There wasn’t a lot of overlap. Tim O’Brien’s “The Things They Carried” was on six lists (including Weyandt’s), and William Faulkner showed up 12 times, but other than those, “There weren’t that many that showed up on even four or five lists,” Weyandt said.

“The cool part of looking at the lists is that you see books that fit in a pattern, and then one or two that seem out of left field. On every list there were books that were unexpected.”

Paul Yamazaki of San Francisco’s City Lights Bookstore, for instance, has a lot of beat poetry on his list, “But then there’s ‘The Wind in the Willows,’” Weyandt said. “I would never, ever have guessed that one.”

The blog posts were still rolling out when it occurred to Fischbach that all of this could make a good book. Fischbach is the publisher of Coffee House Press in Minneapolis, and he had been keeping an eye out for just this sort of thing.

“Part of my goal is to have Coffee House be much more involved with public engagement and to promote the idea of books to be used as tools in the community for the common good,” he said. “And this was a perfect example of that general idea, in book form.”
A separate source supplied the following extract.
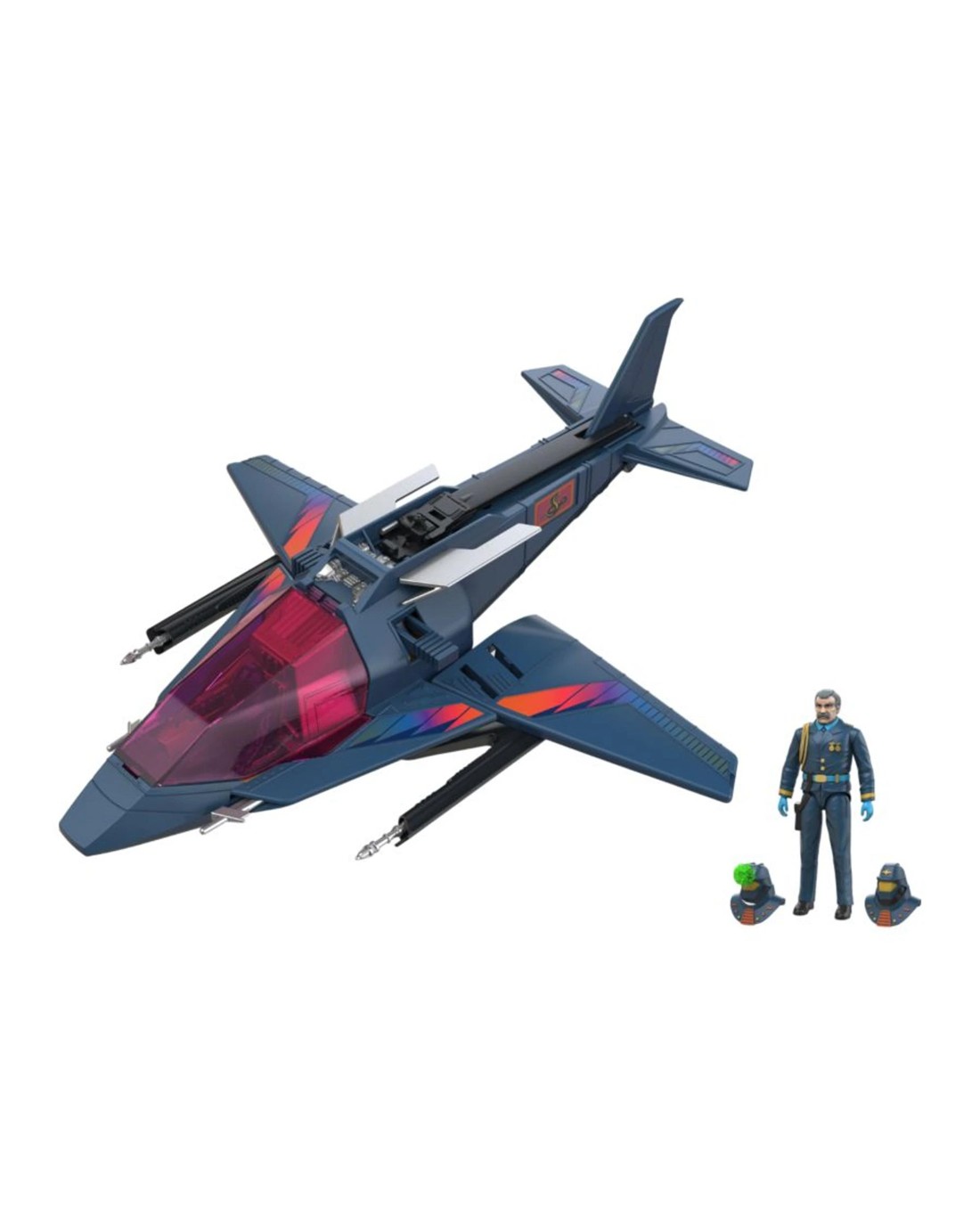 The HTH (High Tech Helicopter), makes a bold return—reengineered by The Loyal Subjects with massive firepower. This fearsome dual-mode aircraft, piloted by Miles "Wolf" Mayhem, converts from stealth helicopter to high-speed jet fighter in just a few simple steps. Armed with dual laser cannons, hidden missile launchers, and a Shockwave Shell drop feature, HTH is a weaponized juggernaut in the fleet. With its sleek 13" frame, 1-foot wingspan, spinning rotors, and fiery Sidewinder Missile FX, this beast was built for domination in the skies. Mayhem comes fully equipped with his VIPER mask—capable of firing corrosive blasts in the original animated series—and a detailed pilot cockpit with room for mission-ready figures. Ages 8 +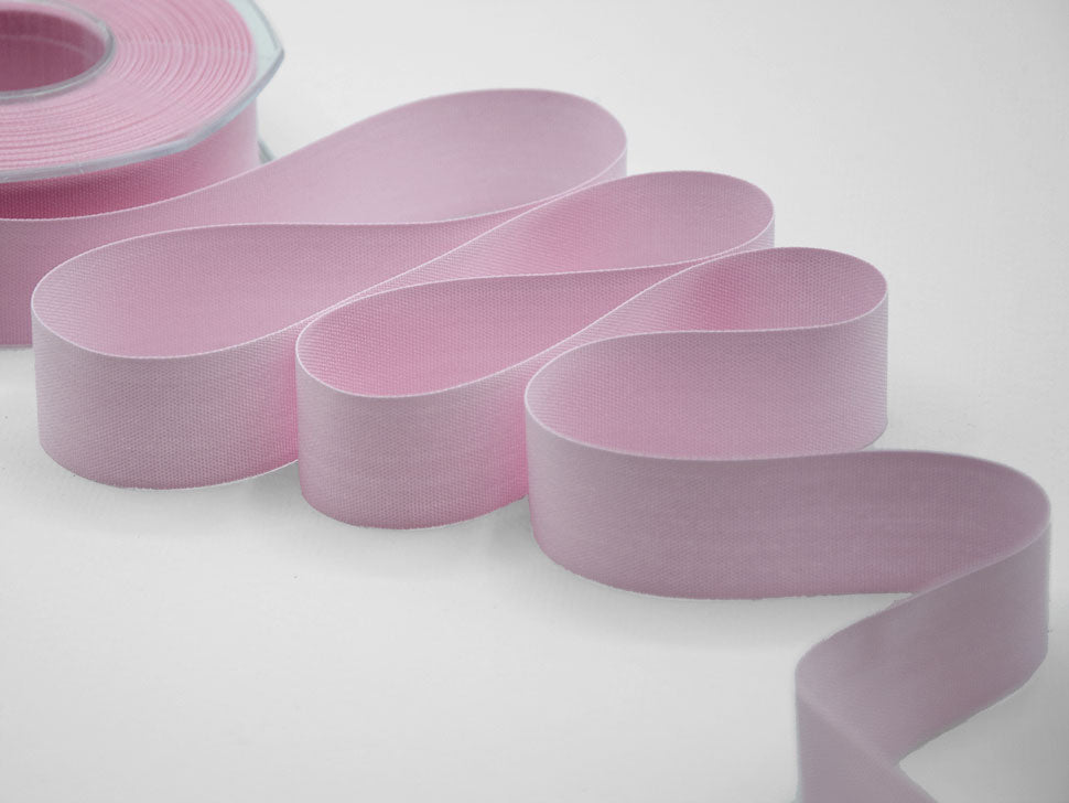 Poly Cotton 25 MM Pink Baby. Polycotton and natural-looking ribbons are in line with green trends to create packages and decorations with a rustic or raw effect. Highly appreciated for its characteristics are cotton polyester ribbons. Opaque, natural-looking, it is pleasant to the touch because it is soft and warm, looks slightly sweaty. It is easily worked and used more and more often for the creation of luxury gift boxes, shopper handles, wedding favor creations, Christmas decorations, floral decorations and food packaging. Also appreciated by important fashion brands it has been chosen for the customization of their logo tape. Like all our tapes it is bored very easily and does not fray at the cut. Cotton-type fabric tape is produced in a wide range of colors and heights.. Color Code# 20 - PACKED IN 25 METER COIL

He and Weyandt talked about how the blog might become a book. They decided it should be interactive, portable, “Something you can write in and carry in your pocket,” Fischbach said.

The result is an appealing volume, a little bigger than palm-sized, with a bright orangey-red cover. Inside, in addition to the lists, are Q&As with booksellers, and little boxes so readers can check off the books they’ve read, and space in the back for lists of their own, and information about all the bookstores, and a nice preface by Weyandt, and a very nice introduction by superstar bookstore owner and best-selling novelist Ann Patchett.

“The desire to share books is the natural outcome of loving them,” Patchett writes. “People love to talk about how books are dead, and bookstores are dead. They say we are careening toward a world of electronic downloads and faceless Internet ordering, to which I say, Get thee to an independent bookstore. We are alive and well.”

“Read This!” has had great pre-publication buzz, praised in Kirkus Reviews and Publishers Weekly and elsewhere, and, of course, with a cadre of indie booksellers across the country all ready to hand-sell it.

All of the contributors, and Weyandt, agreed that the royalties will be donated to the American Booksellers Foundation for Free Expression, an organization that fights censorship and the banning of books.

“No matter the region or kind of store, for all of us,” Weyandt said, “the opportunity for freedom of information is a really important part of what we do.”